Your copy should hold only the lines from the one with "Plots of the" to the one with "Невероятная и умилительная", both included, each exactly as it stands below, with no pictures.

* Data shown:
━━━━━━━━
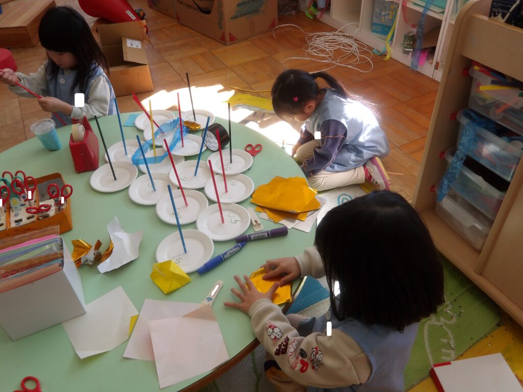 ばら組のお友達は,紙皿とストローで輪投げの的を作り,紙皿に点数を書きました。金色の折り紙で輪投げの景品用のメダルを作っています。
━━━━━━━━
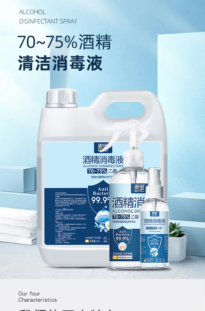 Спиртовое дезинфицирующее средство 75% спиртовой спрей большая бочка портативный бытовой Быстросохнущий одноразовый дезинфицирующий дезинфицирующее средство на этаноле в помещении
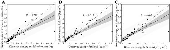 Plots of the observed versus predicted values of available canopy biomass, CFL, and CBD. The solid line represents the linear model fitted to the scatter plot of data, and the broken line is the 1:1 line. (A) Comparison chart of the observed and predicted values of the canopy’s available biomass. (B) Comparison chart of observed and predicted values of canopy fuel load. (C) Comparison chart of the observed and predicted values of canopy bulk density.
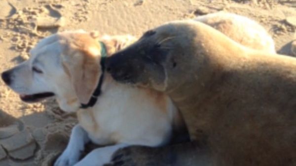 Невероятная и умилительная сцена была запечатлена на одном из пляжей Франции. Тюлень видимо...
━━━━━━━━
* Solution:
 Plots of the observed versus predicted values of available canopy biomass, CFL, and CBD. The solid line represents the linear model fitted to the scatter plot of data, and the broken line is the 1:1 line. (A) Comparison chart of the observed and predicted values of the canopy’s available biomass. (B) Comparison chart of observed and predicted values of canopy fuel load. (C) Comparison chart of the observed and predicted values of canopy bulk density.
 Невероятная и умилительная сцена была запечатлена на одном из пляжей Франции. Тюлень видимо...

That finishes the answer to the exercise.